Nick was just 75 when he died in 2024, it was a beautiful sunny day, with the sliding doors wide open, the sheer curtains breathing in and out with the gentle breeze in a room overlooking the beautiful Hospice gardens. He died with the dignity and love he deserved surrounded by the family he loves, at Thames Hospice.

Unfortunately, this wasn’t the first time our lives were shattered by cancer. Our lives changed forever in late 2019 when our youngest Granddaughter Emily was diagnosed, at just 5 weeks old, with Infantile Leukaemia, it was catastrophic. She was diagnosed and the world locked down in March 2020. Life changed forever, for the first time, in that moment, even before Nick was also diagnosed with cancer.

Generally, both Nick and I always felt that somebody else’s needs were more than ours. So, in 2021, during lockdown, we walked the equivalent miles from Wokingham, Berkshire to our favourite place on earth: Florence, Italy, in support of Young Lives v Cancer. We did our bit for our Granddaughter by putting one foot in front of the other. Emily is now 6 years old and still fighting Leukaemia.

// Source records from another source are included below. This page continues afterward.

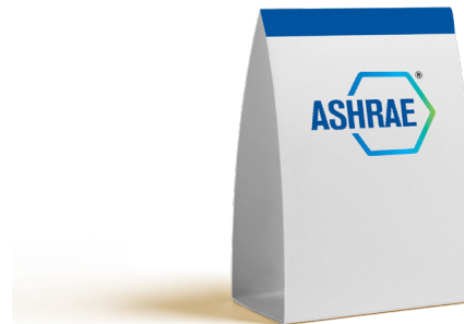
EVENT TABLETOP SIGNAGE Editable design for sponsor logos and messaging.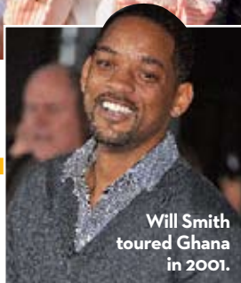
Will Smith toured Ghana in 2001.

W ill Smith turned the spotlight on this West African nation in 2001, while shooting Ali . He visited the slave castles (where captives were held before being sent to the New World) along the Cape Coast. Projects Abroad volunteers can either teach English (about 18 hours of conversation a week) to kids aged 8-14; work at an orphanage (occasionally, you'll take kids on field trips to the beach or to the Cape Coast Castle); or build homes in a local community. (Minimum volunteer time is two weeks; $2,345.)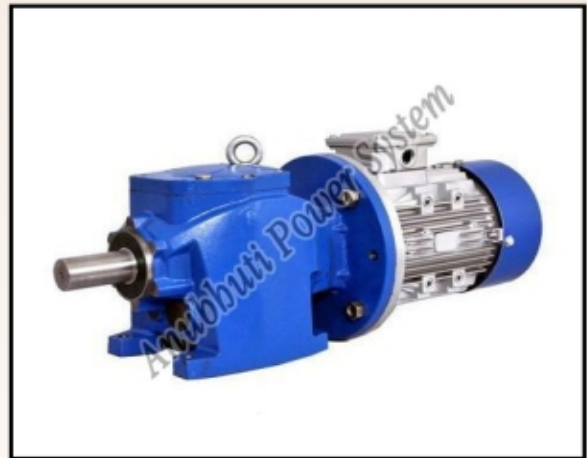
Helical Gear Motor

When you lose someone you love, you have incredible lows and incredible highs. One morning after losing Nick, I thought ‘I need to go for a walk’, so I got my trainers on again and did a route I had done hundreds of times before with Nick. During that walk I set myself a new challenge that by my 80th Birthday in November 2026 to figuratively walk over 1000 miles back from Florence, Italy – alone.

I feel so passionate about Thames Hospice, and fundraising is so important because it gives other people the invaluable opportunity to have the care and support we had in Nick’s last couple of days.

I am really hoping people will get behind my walk and support me with donations, I want Nick to be proud of what I’m doing, I know he would really want me to do it and support the Hospice in any way I can.